While data analytics are not as prevalent in healthcare as they are in business, Andriole has observed some activity in radiology. At Brigham & Women’s Hospital, exam CTDIvol readings were used to assess radiation dose with different protocols; it was determined that some protocols were out of bounds and they were removed from the scanners.
“That’s retrospective business analytics,” Andriole noted. “Going forward, we will have more direct interventions and predictive powers using analytics.” Data analytics will not be limited to assessing metadata, but must extend to the imaging data itself.
“We’ve been talking a lot about metadata and analyzing that, but we have to get the pixel data content and be able to search that,” she said. “Right now, this is a huge problem: How do we tag features in images? How do we make the information we produce in radiology quantitative?”
Andriole described the big data effort in quantitative imaging as huge, in that researchers are attempting to connect genomic information, patient history, labs, social history, and imaging data. In order to create algorithms to analyze the data, however, large amounts of data are required.

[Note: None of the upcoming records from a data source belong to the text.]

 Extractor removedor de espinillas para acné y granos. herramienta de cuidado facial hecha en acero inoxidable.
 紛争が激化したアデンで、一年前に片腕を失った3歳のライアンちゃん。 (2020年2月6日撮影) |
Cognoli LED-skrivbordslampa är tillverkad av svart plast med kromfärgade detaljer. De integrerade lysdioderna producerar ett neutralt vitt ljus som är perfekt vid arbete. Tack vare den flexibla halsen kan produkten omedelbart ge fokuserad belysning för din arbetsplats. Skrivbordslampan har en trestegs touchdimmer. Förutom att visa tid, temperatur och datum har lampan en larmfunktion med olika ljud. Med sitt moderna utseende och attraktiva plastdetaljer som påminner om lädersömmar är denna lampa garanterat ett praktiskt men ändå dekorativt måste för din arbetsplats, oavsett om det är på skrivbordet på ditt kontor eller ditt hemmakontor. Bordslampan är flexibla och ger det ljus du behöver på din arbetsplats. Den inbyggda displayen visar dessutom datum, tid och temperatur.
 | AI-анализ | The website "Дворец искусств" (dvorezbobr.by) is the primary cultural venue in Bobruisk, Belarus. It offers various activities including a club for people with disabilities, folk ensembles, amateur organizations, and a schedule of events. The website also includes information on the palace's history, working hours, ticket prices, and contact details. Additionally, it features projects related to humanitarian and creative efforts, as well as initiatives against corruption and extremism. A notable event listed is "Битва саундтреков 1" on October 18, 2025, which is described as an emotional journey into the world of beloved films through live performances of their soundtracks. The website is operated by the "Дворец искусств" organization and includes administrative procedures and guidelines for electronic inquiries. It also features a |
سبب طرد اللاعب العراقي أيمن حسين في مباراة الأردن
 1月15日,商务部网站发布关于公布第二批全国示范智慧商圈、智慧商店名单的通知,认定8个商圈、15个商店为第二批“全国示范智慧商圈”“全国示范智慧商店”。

“I think this is where imaging needs to focus going forward,” she said.”
The potential of big data to transform biomedical research is equally promising, Andriole says. She described an especially evocative project in which two researchers built a computer model to sift through discarded EKGs that yielded a method of predicting which heart attack patients had double and triple the risk of dying from a second heart attack within the first year. “By doing big data—large amounts of data in aggregate and analyzing it with these tools—they were able to say something that had not been known before,” she said.
The challenges of big data in healthcare are not small. In addition to access problems, privacy issues, and data integrity, there is also the issue of large amounts of unstructured data in clinical notes and medical imaging reports. But the potential impact is huge.

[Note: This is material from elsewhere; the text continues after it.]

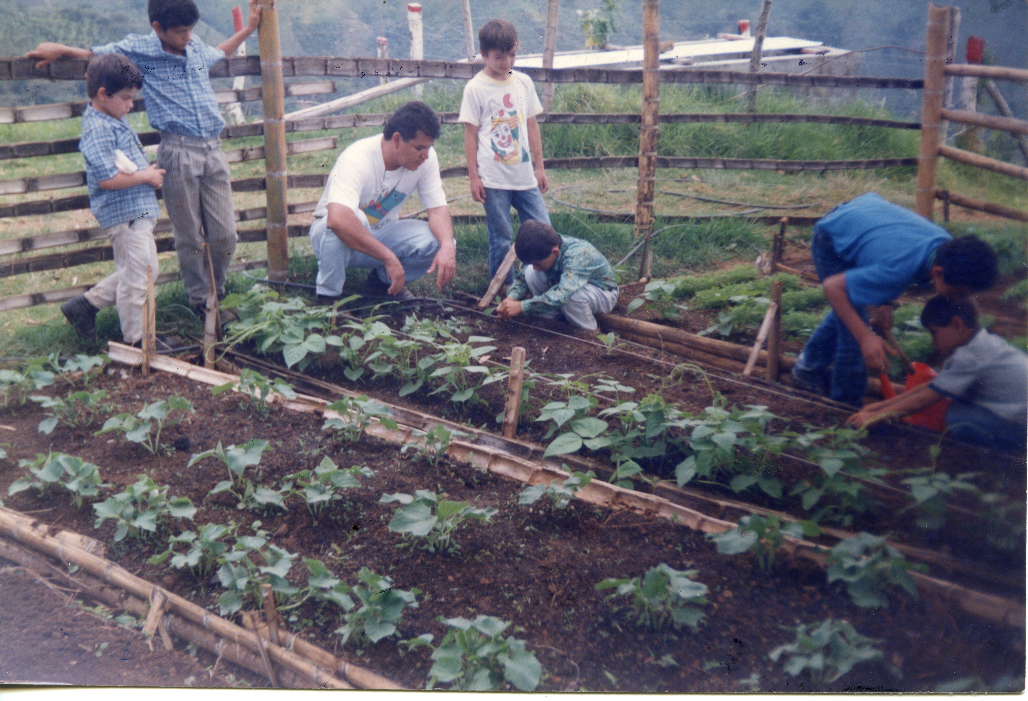 Reverso:"Roldanillo-.El jefe de la Umata de esta localidad Jhon William Alba León dirige los trabajos de las huertas caseras en varios corregimientos del municipio. La entidad entrega al campesino las semillas y los insumos. En la gráfica Alba León instruye a varios niños en el manejo de las huertas."
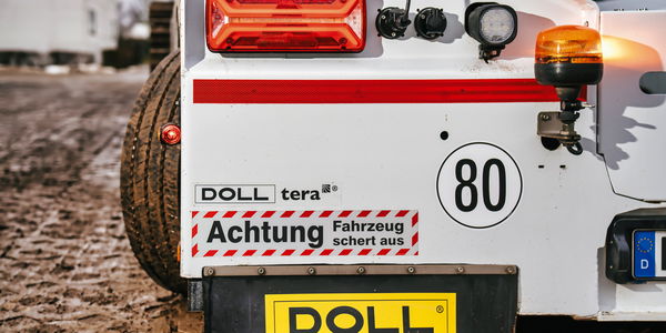Ebenfalls bei DOLL® NEXT serienmäßig an Bord: das digitale Assistenzsystem DOLL tronic®. Damit greift der Fahrer über ein Keypad am Schwanenhals auf alle zentralen Funktionen des Aufliegers zu. Die Ausstattungsvariante DOLL control® ersetzt das Keypad durch ein 7-Zoll-Farbdisplay und macht Reifendruck, Gewichtsverteilung, Lastpositionierung sowie die Position der Abdrückzylinder auf einen Blick sichtbar. Alle Funktionen von DOLL control® lassen sich auch über die Funkfernbedienung DOLL connect® steuern. So kann der Fahrer aus dem Fahrerhaus in die Lenkung des Aufliegers eingreifen, die Fahrhöhe anpassen oder zuvor eingestellte Fahrniveaus wählen. Nach manuellem Nachlenken genügt ein Knopfdruck, und die Elektronische Einspurung (EEP) berechnet automatisch den optimalen Lenkwinkel. Der Auflieger spurt auch bei langsamer Kurvenfahrt zuverlässig wieder ein.

“The promise of big data in healthcare is safety and high quality, for everyone, efficiency and cost effectiveness and predictive analytics,” Andriole said. “We will see more movement to personalized medicine and, in fact, quantitative medicine, and evidence-based decision support at the point of care.”
Andriole, who did a medical imaging fellowship at the University of California, Los Angeles, when Dwyer was chief of the division of medical imaging, opened her lecture with a heartfelt tribute to the “father of PACS.”
"Be like Sam,” she urged in conclusion. “Work across disciplines. Understand the application environment. He engaged with industry partners and he worked with them to bring these technologies into the clinic. He collaborated with everyone. Think about the possibilities—and enjoy the journey."